No es nuestro cometido entremeternos en ello. Dios sabrá lo que hace. Eso sí, los culpables de que el patio esté como está recibirán más azotes según su propia responsabilidad (“Es inevitable que haya escándalos, pero ¡hay de aquel por el que viene el escándalo!”: Mt 18,7; “El cridado que sabe lo que quiere su amo y no está dispuesto a ponerlo por obra, recibirá muchos azotes; el que no lo sabe pero hace algo digno de castigo, recibirá pocos”: Lc 12,47-48).
En efecto, los que practican hoy el catolicismo suelen vivirlo más intensamente, de manera acrisolada, y se preocupan por saber la letra discerniendo lo que dicen y cantan, encarnándolo frente a los que pecan y los que dudan: ahí está el signo de nuestro tiempo. Si antes sabían algo, a la vista de cómo tenemos el patio, quizás no lo vivían tanto como parecía. Ahora no saben ni que pecan, pero antes sabían que pecaban, sí, aunque pecaban (¿tantos? No lo sé). Otros (pocos, como en todas las épocas) vivían como tocaba para que los otros no pecaran: no había escándalo, que ya era mucho, al tiempo que había en ellos la vida interna que lo evitaba.

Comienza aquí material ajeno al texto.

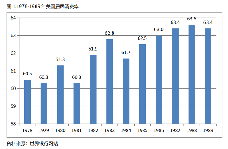 美國是1978年人均GDP超過1萬美元的,在1978-1989年的12年期間(選擇12個年份目的是與“十五五”時間跨度相對應(yīng),下同),居民消費率雖然有波動,但總體是在高位上呈現(xiàn)出提高的走勢,1989年比1978年提高了2.9個百分點。

Ahora, quizás, haya más y más grandes santos, porque serlo cuesta más.
Vivir lo que se dice
Efectivamente, hemos pasado del “ser por ser” al “soy porque quiero serlo”. Ahí, en ese cambio de agujas, se forjan los santos. Al mismo tiempo, surgen aún (y seguirán surgiendo) espíritus envidiosos que quieren “ser como” el vecino, aquel que nos habla del Dios que busca con sus buenas obras; las obras buenas atraen, y aquel que las practica brilla: por eso algunos se le abalanzan para probarlo en el crisol.

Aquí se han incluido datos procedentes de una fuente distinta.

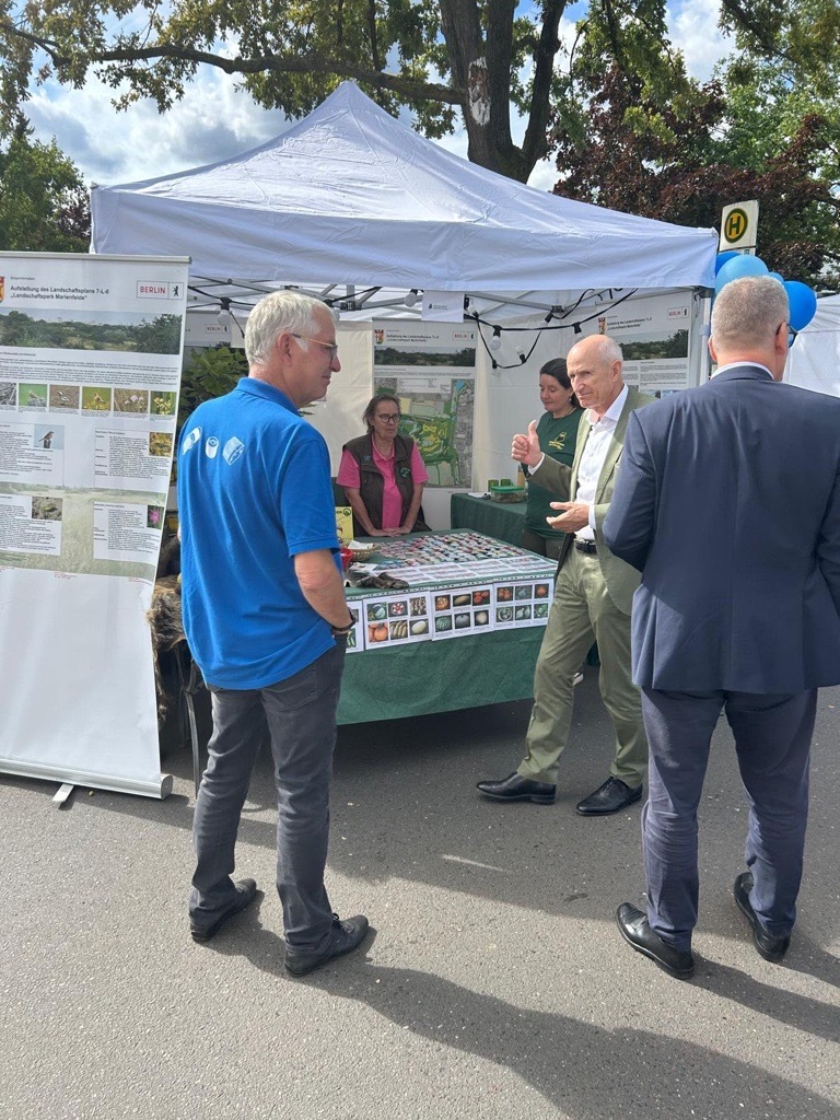 Die Natur- und Rangerstation war mit einem eigenen Stand auf dem Straßenfest zum 20-jährigen Jubiläum des UnternehmensNetzwerks Motzener Straße vertreten. Besucherinnen und Besucher konnten sich dort über die vielfältige Arbeit im Naturschutz und die Bildungsangebote auf der Station informieren. Zudem bot das Fest Gelegenheit zum Austausch mit Vertreterinnen und Vertretern aus Politik, Wirtschaft und Wissenschaft der Region. Ein gelungenes Beispiel für gelebte Vernetzung zwischen Natur, Wirtschaft und Gemeinschaft.

Por ahí deambula el Espíritu Santo a veces, cicateando a las almas en una admiración que sienten (“¿por qué yo no?”), incitando a crecer en un conocimiento que puede acabar en práctica; pero hay que estar en guardia, porque, como el Enemigo usa hasta el bien para hacer el mal −para pervertir más almas aún, inspirando celotipias hasta en ese “¿por qué yo no?”−, es la hora de que el vecino que las inspira encienda en esa alma el fuego del amor que prende cuanto toca.
Tenemos que salir a cantar. Pero, en esta época de pactos con lo siniestro, no nos limitemos a vocalizarlo. Debemos aprender lo que cantamos, y luego, vivirlo. Es la “Iglesia en salida” del papa Francisco. Es la nueva evangelización a que llaman los últimos papas. Aquel “Y tú, ¿a quién sirves?” retumba a veces y prende las brasas del Espíritu en tantas almas, y debemos aprovechar ese embate para hacer crecer ese calor en amor de Dios. Es la importancia de vivir la fe en todos los ambientes −también el público−, pues este es la expresión fidedigna del privado. ¡No debemos permitir que recluyan nuestra fe en la sacristía!
Debemos salir a cantar con nuestras obras hasta en los ambientes más modernistas, seguros de la posibilidad de prender lo que quizás no veremos, pero que un día encenderá el canto en ardor divino, esa ansia, esa sed de Dios que todos llevamos (por más oxidada que esté por fuera) en nuestro interior sagrado.
Porque el diablo lo sabe, ha conseguido demoler ese ardor con el bienestar, y ahora pretende arrasarlo con la colaboración de sus congéneres que pretenden imponer la inteligencia artificial con el humo del infierno y subiendo nuestra conciencia a un ordenador central que controle hasta nuestros más recónditos pensamientos. Sabe que controlando el pensamiento controla la persona, pero no puede ni podrá nunca (aunque la fuerce) hacerse con nuestra conciencia: es íntima entre Dios y el alma. El diablo (tan torpe es) solo ve de la conciencia su movimiento.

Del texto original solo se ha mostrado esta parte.